Irene's obsessions are treated with the anti-depressant Prozac by her doctor, a referral to a psychiatrist and the suggestion that she should have a brain scan. Whilst the doctor obviously sees the problem in purely physiological terms, Irene knows that her "disorder" may have something to do with the oppressive drudgery of her life that has meant she has been "drying her dishes and putting them away for years" as well as a (metaphorical) "broken heart." Inhabiting an unloving family environment, as well as feeling lonely because the friends she had shared with her husband, "plumped for Iain after the separation" have thus created an "unliveable situation" (85, 99, 102).

29      According to Babiker and Arnold, doctors are less likely to refer black patients for counselling or psychotherapy, and "[T]hose who self-injure are thus given fewer opportunities to translate their expressions of distress from the 'language of the body' into verbal communication" (48). In Irene's case, this lack of opportunity to articulate the "real" cause of her problems is channelled or translated into her obsessional delusions. Because her attempts to "speak" through symptoms do not elicit helpful responses from her doctor (or her daughter for that matter), she considers another outlet, seeking solace in the idea of cutting herself.

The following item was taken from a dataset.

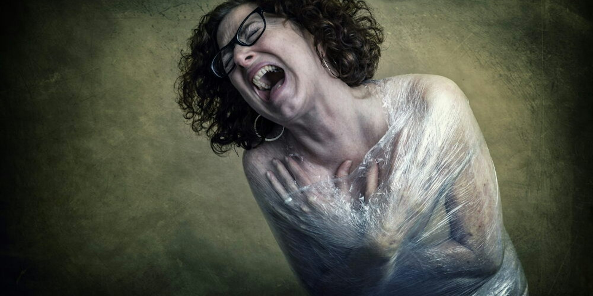 Claudia hat das Gefühl, in sich gefangen zu sein. Fotograf Jasmund symbolisierte das, indem er sie in Folie wickelte.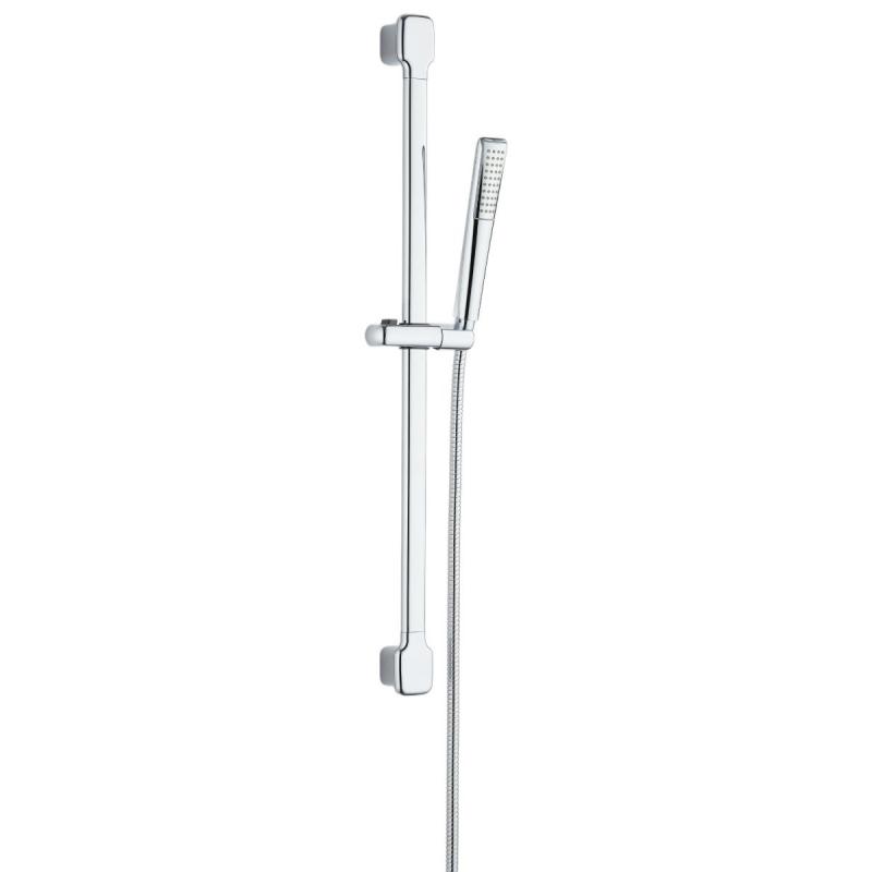 AB dušas komplekts hromētā krāsā nodrošina vienkāršu un funkcionālu risinājumu vannas istabas aprīkojumam. Šis dušas komplekts ietver dušas stieni un kompaktu rokas dušu ar vienu ūdens strūklas režīmu, kas nodrošina stabilu un ērtu dušas pieredzi. Hromētais pārklājums piešķir komplektam spīdīgu un izturīgu virsmu, kas labi sader ar dažādiem vannas istabu dizainiem un nodrošina vieglu kopšanu. Dušas turētāju var regulēt leņķī un augstumu pielāgot dažādām vajadzībām, nodrošinot optimālu komfortu. Komplekts ietver visas nepieciešamās uzstādīšanas detaļas un ir piemērots gan privātmāju, gan dzīvokļu vannas istabām. Dušas stieņa augstums 74.5 cm, dušas galvas platums 3 cm un augstums 21 cm, dušas pievada garums 150 cm.

We are told: "Irene was seized by an overwhelming desire to take a sharp knife and stab it into her heart. The desire was so strong she could almost see herself doing it" (101). Although the act of self-harming exists only in her imagination, it is the prospect of pain that brings excitement and the beginnings of psychic relief: "She could visualize the dynamic and dramatic red of her own blood, sputtering, stuttering, saying see, see, see, I told you so" (102, my emphasis). By cutting herself, not only will she be able to assuage her mental pain, this quotation shows how the action itself will also "speak" for her, thus highlighting the linguistic component inherent in self-harming behaviours.

30      By literally inscribing the body, the ensuing scars can tell a story of inner conflict. Unlike the legitimate scarrification that results from rites of passage in certain cultures which could be read as symbolically telling a positive story of belonging, the scars that Irene wishes to make paradoxically could be interpreted as signs of unbelonging. Babiker and Arnold state that: "[M]any people somatize rather than speak […] produce(ing) physical pain at moments when they cannot tolerate psychic pain" (8, my emphasis). In this way Irene's wish to "mark herself" and to "[R]ip her own useless, pathetic skin till it split, till she was wounded" (101) is thus a method of both easing and articulating her inner pain.